On Thu, Aug 20, 2020 at 07:31:50PM +0000, GT wrote: > I'm still trying to understand why we need attribute((target("vsx"))). > > https://gcc.gnu.org/onlinedocs/gcc/Common-Function-Attributes.html#Common-Function-Attributes > > The documentation for target(string) states that the purpose is to allow a function to be > compiled with different target options than were specified on the command line. Why would we > want the vector version of say sinf to be compiled for a different target than the scalar sinf? The scalar sinf (well, better let's talk about some arbitrary user function, sinf or at least the vector versions thereof will be often implemented in assembly) can be compiled with whatever ISA options the user chooses. But, the SIMD ABI says that the 'b' char variants are VSX only, need to pass arguments in certain registers that might not be even available without that ISA, similarly for returns, and per the ABI the callers will ensure such functions are only used from code which assumes that ISA. Have a look at the x86_64 case, we have several different variants there, e.g. SSE2 that passes in registers that are only available in SSE1 and later, then AVX variants which use AVX registers, AVX2 variants which use the same registers but different in he way how integral vectors are passed, and finally AVX512F variants that use AVX512F registers. So, on the caller side among the other desirability checks (if the function is declare simd at all, what vectorization factor is available, whether it is inbranch or notinbranch or both, whether arguments are vectors or uniform or linear etc.), the compiler also checks the ISA. And in loops that aren't even SSE2 (-mno-sse, -msse1) just won't use any of the simd variants and will use always scalar version, in code that isn't -mavx or later will only use SSE2 (or scalar), in code that isn't -mavx2 will only use AVX or SSE2 or scalar, etc. Either one wouldn't be even able to pass the arguments or read the return values without those, or if it would, the ABI still says one can assume such ISA level. This is all implemented by: 1) having the target hook used during the vectorization decision (simd_clone_usable) decide based on the current ISA level 2) on the side of generation of the functions, it checks if the ISA is already available (e.g. from command line), if it is, nothing needs to be done, otherwise target attribute is added. Jakub
On Thu, Aug 20, 2020 at 07:31:50PM +0000, GT wrote:
> I'm still trying to understand why we need attribute((target("vsx"))).

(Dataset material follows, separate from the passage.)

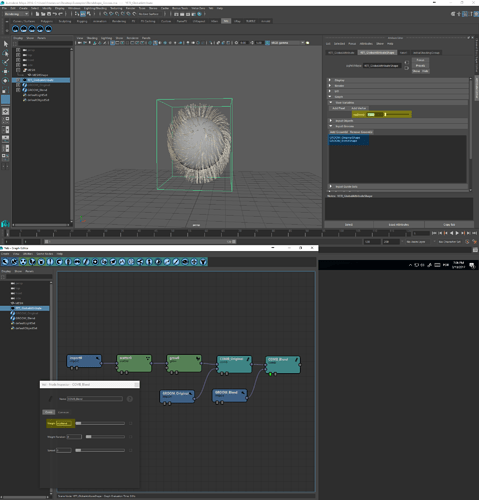 - Adicionar um novo node de Comb com o Groom do Blend e atribuir a variável global criada como peso.

You need Power8, even! "vsx" alone is not enough (that only guarantees
Power7). Your minimum version ("b") requires Power8.
Segher
‐‐‐‐‐‐‐ Original Message ‐‐‐‐‐‐‐ On Thursday, August 20, 2020 1:48 PM, Segher Boessenkool <segher@kernel.crashing.org> wrote: > On Thu, Aug 20, 2020 at 04:19:36PM +0000, GT wrote: > > > > Great! Please repost with what I already pointed out fixed, that > > > explanation added, and working links to the documentation? > > > > Are you ok with the titles of the patch and this document? > > https://sourceware.org/glibc/wiki/HomePage?action=AttachFile&do=view&target=powerarchvectfuncabi.html > > It is very misleading. You can undo some of the damage in the first > lines of the commit message, but you can also just fix the title itself, > so that anyone can see what this is about even before reading the > message (which is what a mail subject is for!) > > Segher I have: 1. Changed the title of this document. 2. Removed all references within the document describing itself as an ABI. 3. Added a new introductory paragraph that should hopefully make clearer the doc's purpose. Use the new link below. There's has been a name change in the link as well. https://sourceware.org/glibc/wiki/HomePage?action=AttachFile&do=view&target=powerarchvectfuncspec.html Bert.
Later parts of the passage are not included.